When people ask me for direction I always reply with the wise words of Carl Jung:

What did you do as a child that made the hours pass like minutes? Herein lies the key to your earthly pursuits.

Somehow, I seemed to have forgotten that for myself.

With so much writing projects going on, tight deadlines, revisions, new ideas, trying to finalise books, the idea of play has been slightly lost on me. That’s not to say I’ve been working unhappily, on the contrary. I love my work and what I’m doing; I can’t imagine doing anything else. But it’s all been structured work, no free form like drawing, creating, or making cards.

I had begun to think of anything unstructured that didn’t have deadlines or a direct benefit as play and useless. If I sit and create cards during the day, there’s no guarantee that anything will come to fruition. That if I just do something that is fun with no direct pay off, it must not be work. It’s just too much fun to be work.

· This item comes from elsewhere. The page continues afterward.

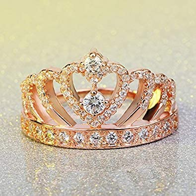 Presentski Women's Crown Ring Princess Queen 18K Gold Plated Crown Ring Small CZ Gift Girl Promise Ring

And that’s where I was wrong.

The one belief I’ve held very strongly is that creative people cannot do just one thing creatively. A writer cannot just writer, a painter cannot just paint, and a designer doesn’t just design. Creative people like to have messy hands dipped in many inks. We aren’t satisfied otherwise and this is OK. In fact, it’s more than OK because creativity inspires creativity. Doing many things help us to create in the different areas. Designing cards will help me to design, to write, and to remain creative. There is a benefit. It is useful.

One of the biggest struggles I’ve had working on my own is not feeling guilty about the freedom I have. The freedom to work the hours I want, to take days off when I want, to lay in bed in the afternoon or break for tea. This is a common struggle for artists and I thought I was pretty much over it. I no longer apologised for working at home while friends and family went to a cubicle. I no longer felt sheepish about saying I napped frequently in the afternoon and I could take days off without having work on my mind. But I hadn’t come to terms with the fact that play was good and useful. That creativity doesn’t have to be structured; it just has to feel good.

That’s why I called this site Girl at Play after all; I wanted my work to feel like play. It just took me awhile to get comfortable with that.